Qu'en est-il ici?  Je suis d'avis que le premier juge avait raison de conclure que l'intérêt public ne pouvait justifier une telle violation du droit à la vie privée de monsieur Valiquette.  Je rappelle que le titre et l'article de «The Gazette» mettaient l'emphase sur le fait qu'un enseignant serait payé plein salaire sans enseigner.  Cette affirmation était fausse, mais, même si elle avait été vraie, on ne saurait y voir un souci de décrier une politique discriminatoire à l'endroit de monsieur Valiquette.  Au contraire, on peut voir dans l'article une invitation à la réprobation d'une politique d'un corps public qui consisterait à dilapider les fonds en payant quelqu'un à ne rien faire.

Les appelants ont voulu justifier l'atteinte à la vie privée de monsieur Valiquette en invoquant le droit des parents des étudiants de l'école de savoir qu'un des professeurs était atteint du SIDA.  Chacun a droit à la confidentialité de son état de santé, à moins que l'on ne démontre que la personne exerce des fonctions pour lesquelles cet aspect serait important.  Ce n'est pas le cas ici.

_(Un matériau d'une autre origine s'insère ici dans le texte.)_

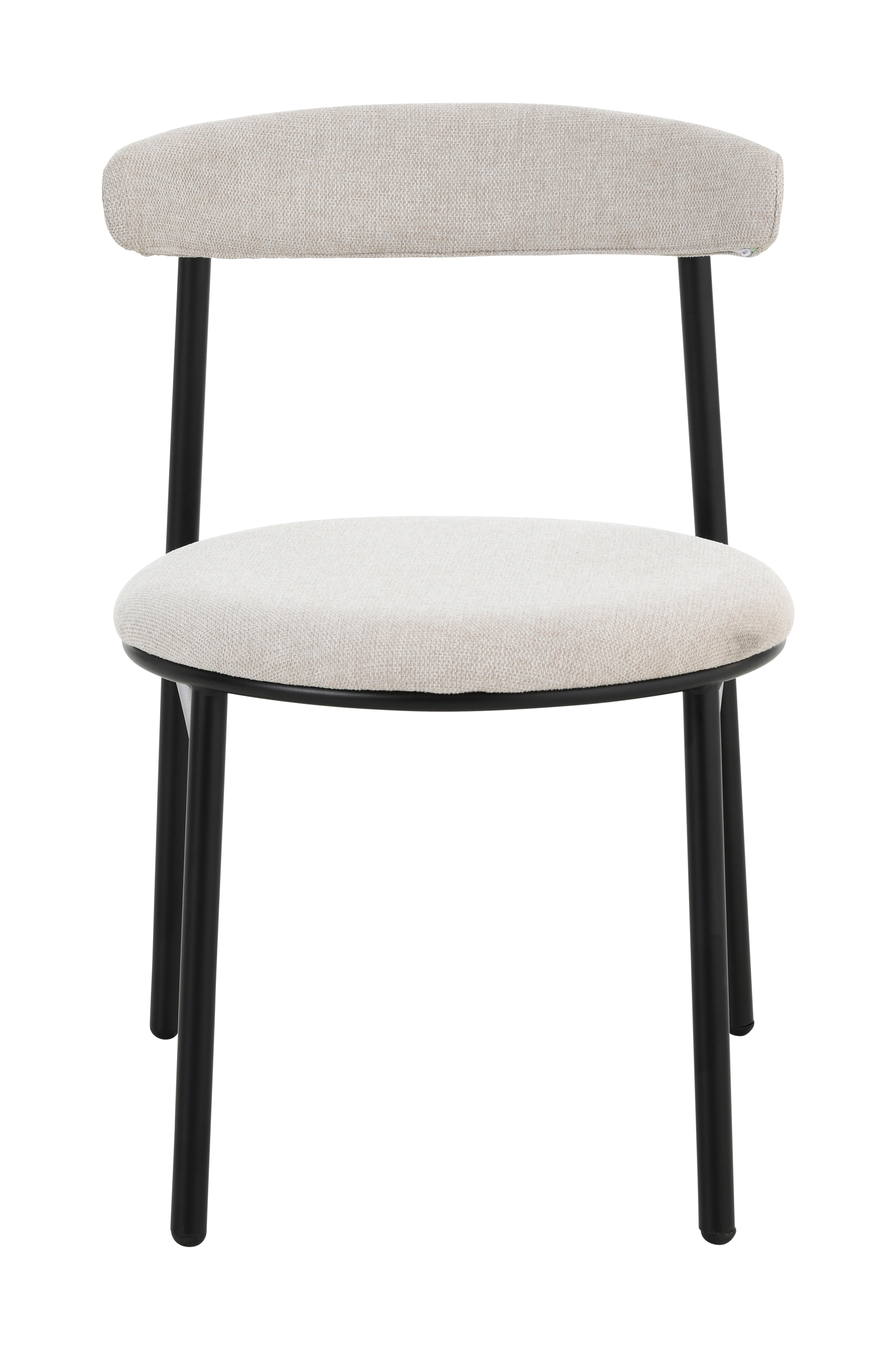 2 stolar i modern design med rund sits och svängd rygg. Stomme och ben i metall. Sits och rygg med skumfyllning. Enklare montering.
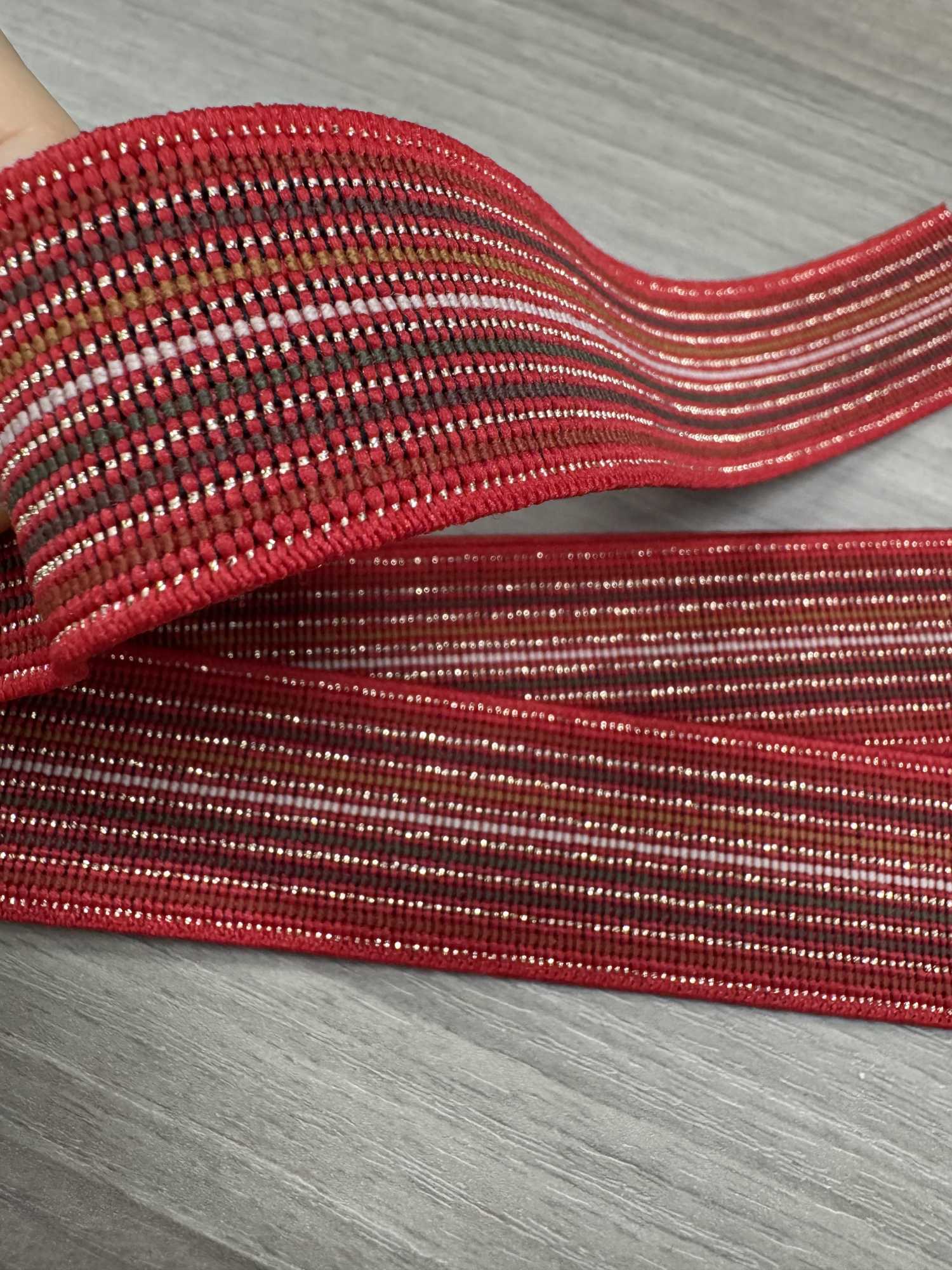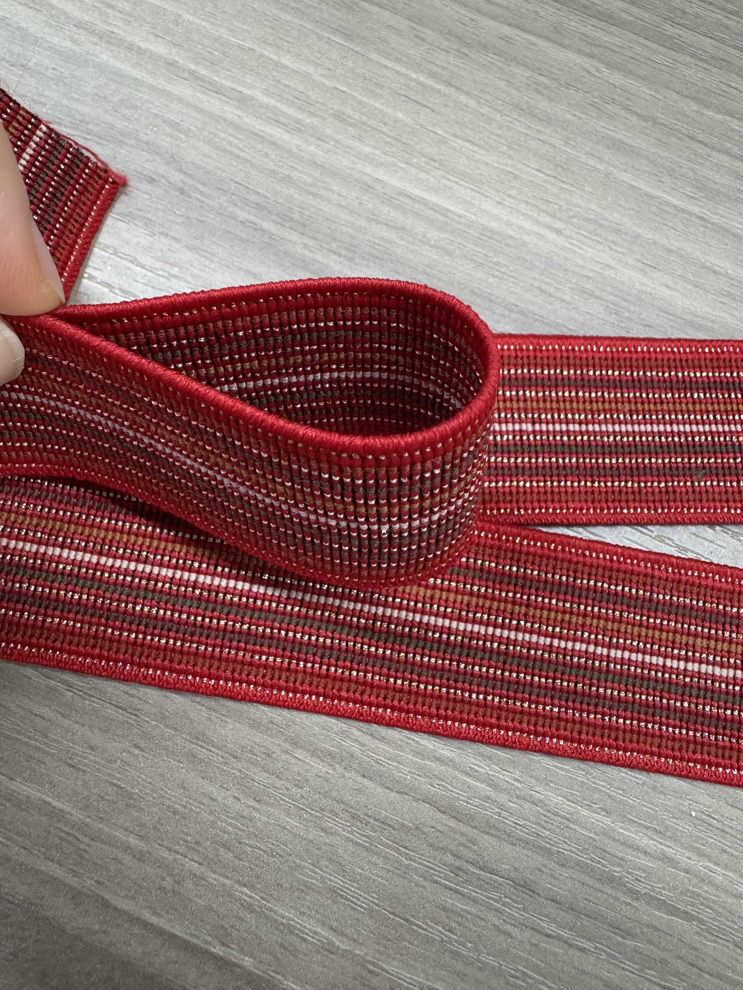 두께도 딱 좋고 아주 튼튼해 보여요. 신축성도 좋아서 늘렸다가도 바로 원래 모양으로 돌아와요. 금색 부분도 예뻐서 팔찌 장식이랑 잘 어울릴 것 같아요.
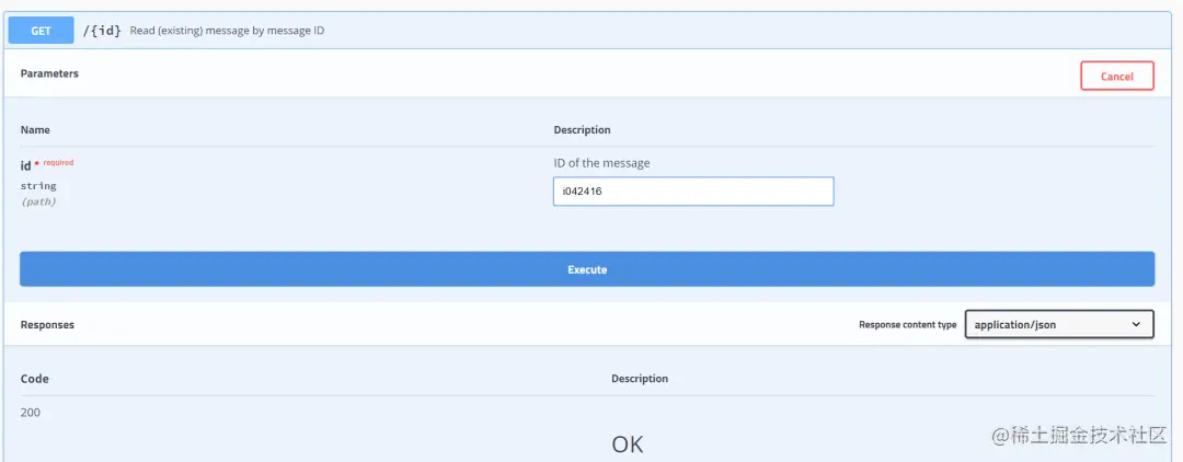 紧接着执行 get 请求,输入刚才写入的数据 id: i042416:
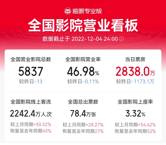 本文源自:证券时报网 证券时报记者 吴志 随着近期疫情防控措施进一步调整优化,多地电影院陆续恢复营业。全国影院营业率在一度跌破40%后,近期开始显著回升。 猫眼、灯塔平台数据显示, 12月4日,全国实现电影票房2833万元,当天全国共有营业影院5822家,影院营业率已逐步回升至约47%。 10月份以
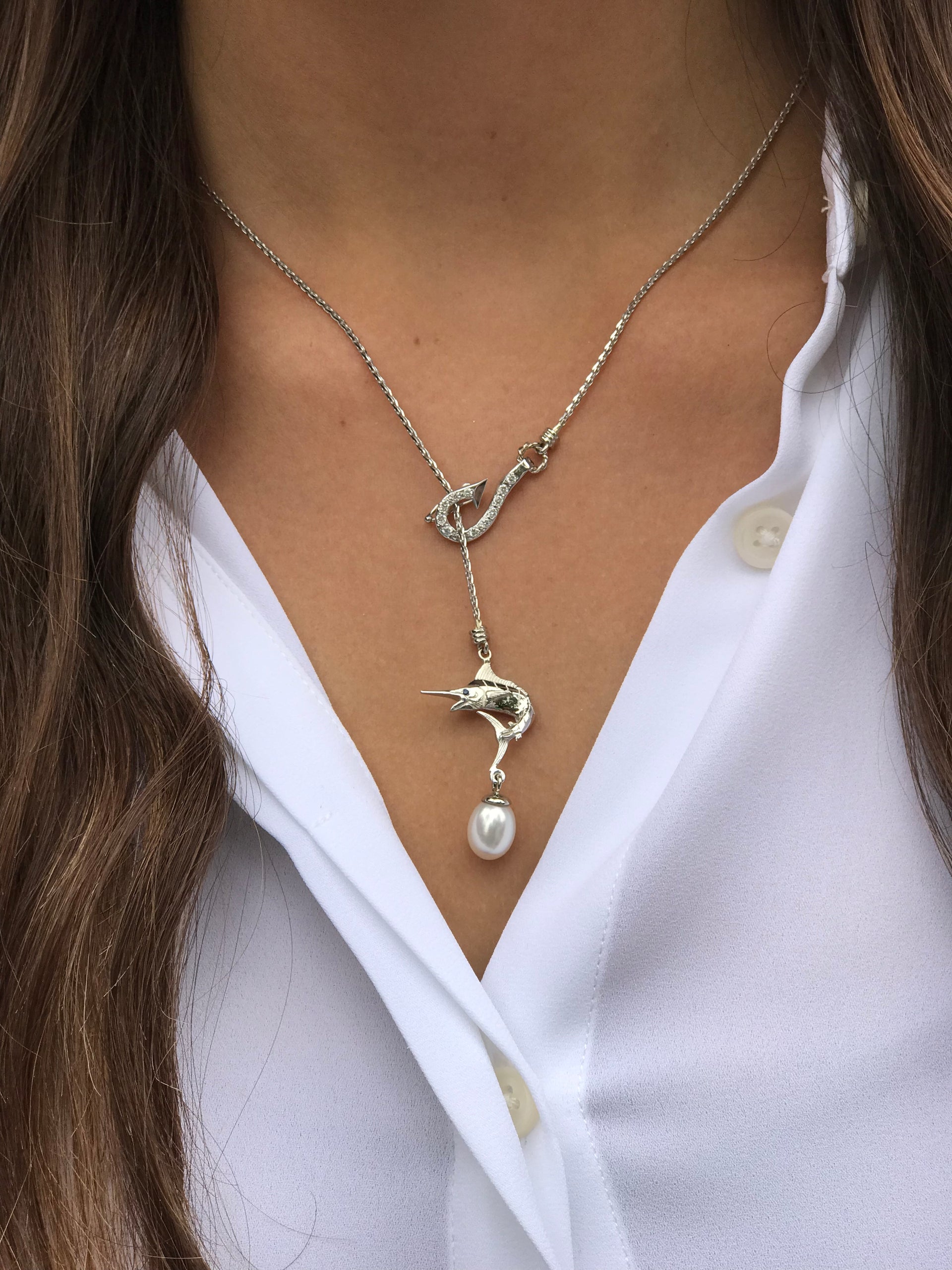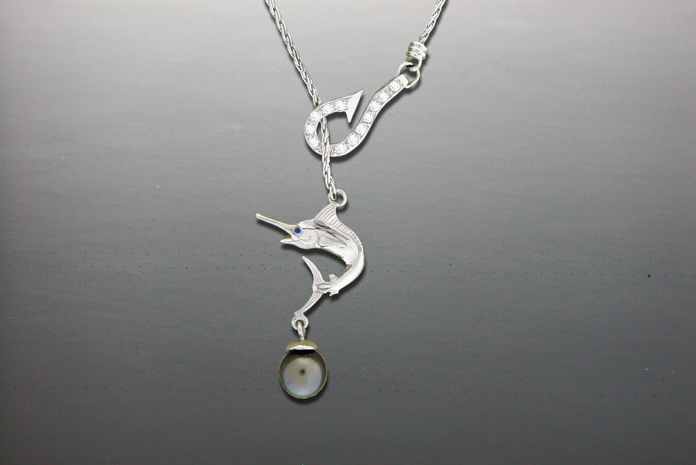 14K white gold Marlin Lariat Necklace. This necklace has .26ct. diamonds paved' in the hook that can slide up and down the necklace in order to wear at different lengths on the chain. There is a 8.0mm Tahitian Black Pearl dangling at the bottom and the Marlin has a .01ct. Sapphire eye. Overall length of chain is 18" There is a clasp on the back side of the hook working as the clasp. Marlin measures .75" wide. Available in Yellow or White Gold All items are custom made in the U.S.A.
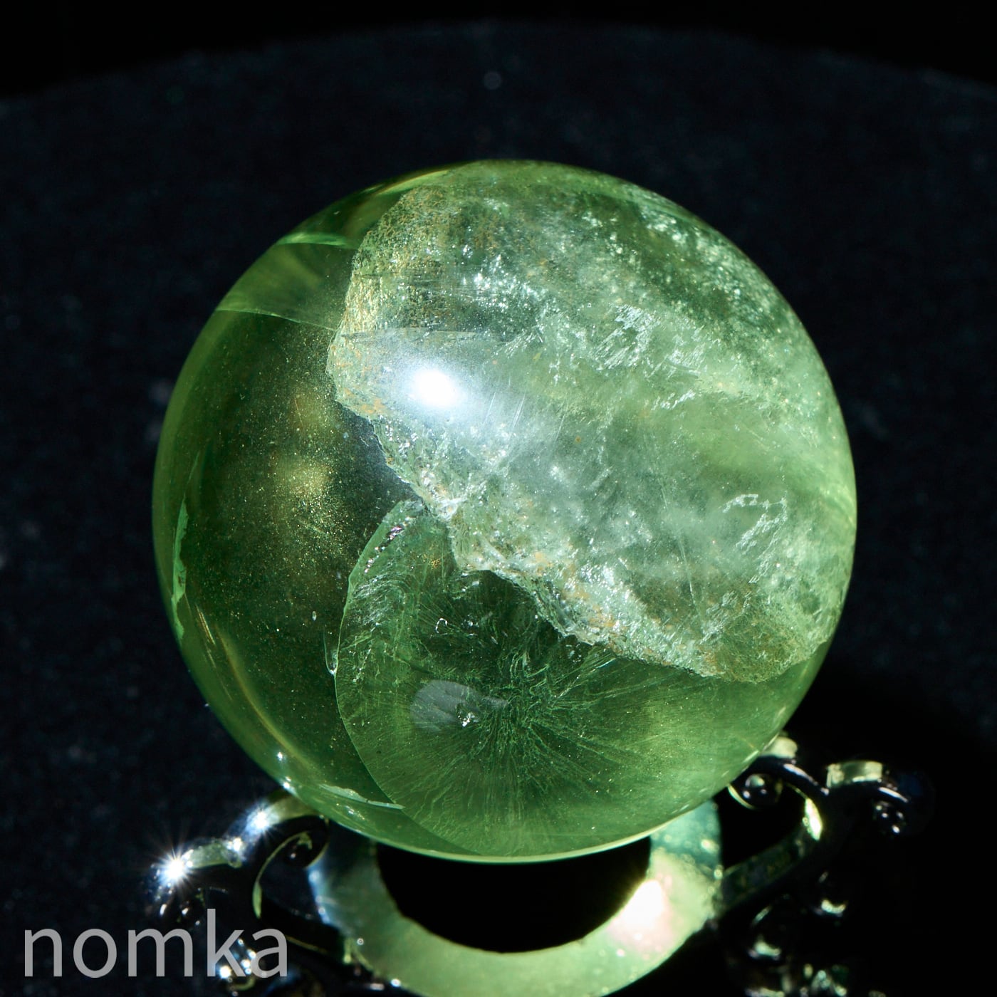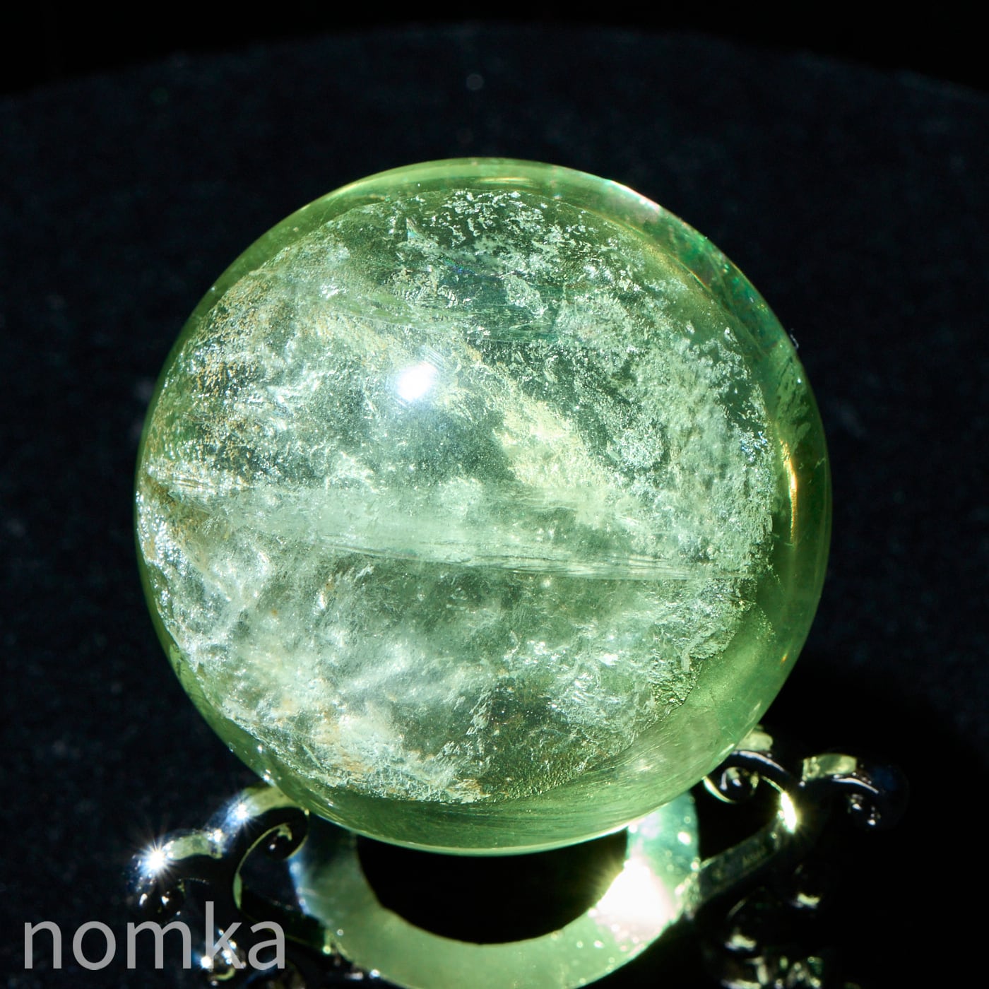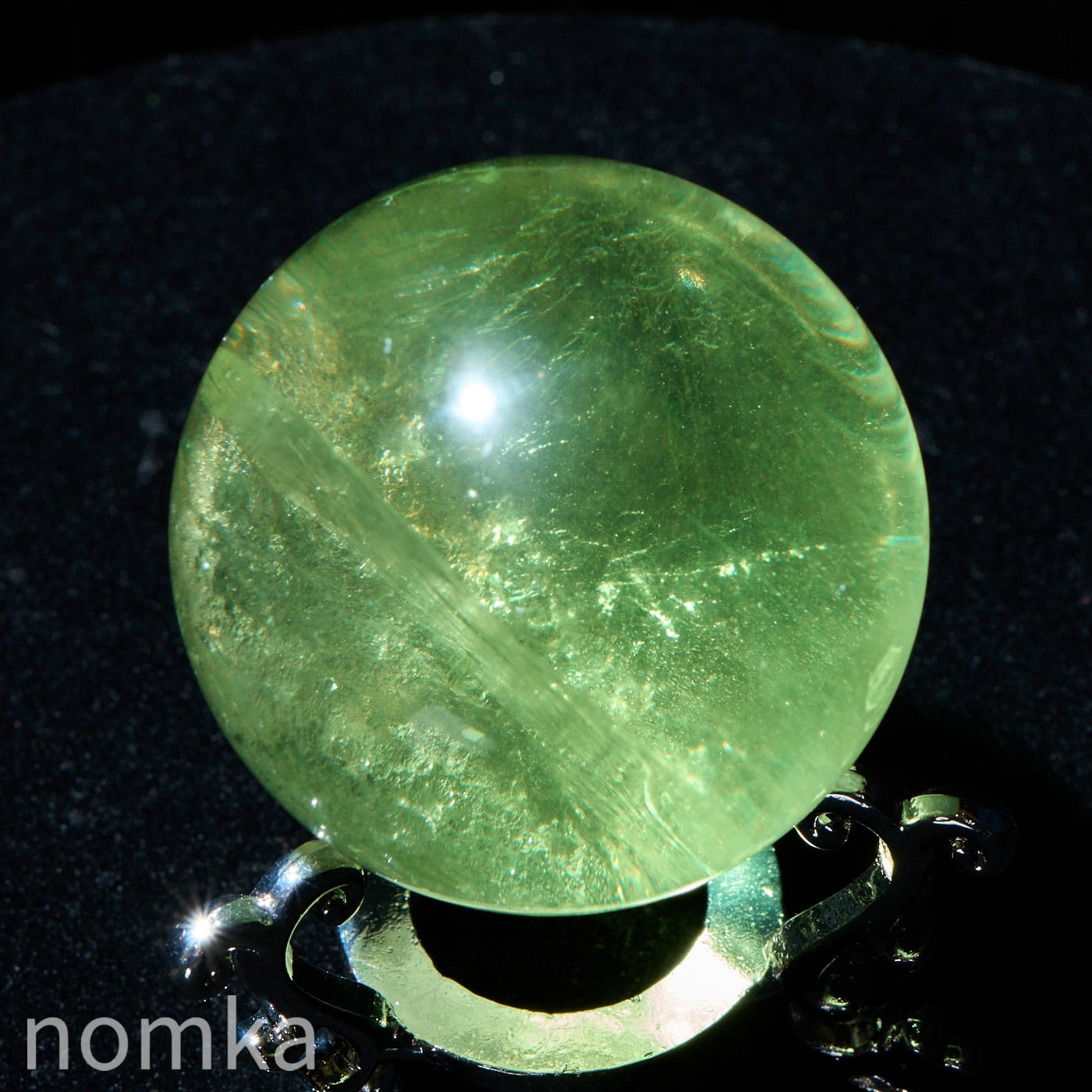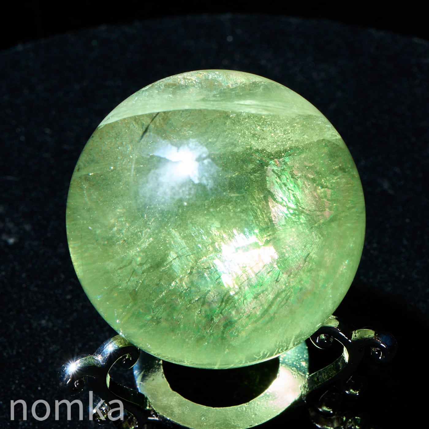 【光溢れる若葉のしずく】高品質グリーンフローライト(AAA) 45.5mmスフィア nsp-0018

Je n'ai aucune hésitation à souscrire à la conclusion du premier juge qui a vu dans les articles de «The Gazette» une faute qui a porté atteinte de façon illicite au droit de monsieur Valiquette au respect de sa vie privée.

Appliquant ces principes au cas sous étude, je crois que le juge de première instance a commis une erreur en considérant que «The Gazette» a fait preuve d'une «insouciance déréglée et téméraire» justifiant l'octroi de dommages exemplaires.  En effet, rien dans la preuve ne permet d'imputer aux appelants l'intention de voir se réaliser les conséquences malheureuses que l'on sait, ni même d'avoir fait preuve d'aveuglement volontaire.

POUR CES MOTIFS, je propose d'accueillir l'appel principal à la seule fin de supprimer de la condamnation la somme de 7 500 $ à titre de dommages exemplaires et de rejeter l'appel incident.


[4]-Rapport du Groupe d'étude, L'ordinateur et la vie privée, Ottawa, Ministère des Communications et de la Justice, 1972, p. 11.

[5]-H.P. GLENN, Le droit au respect de la vie privée, (1979) 39 R. du B. 879, 881-884.


Dernière modification : le 29 novembre 2017 à 11 h 14 min.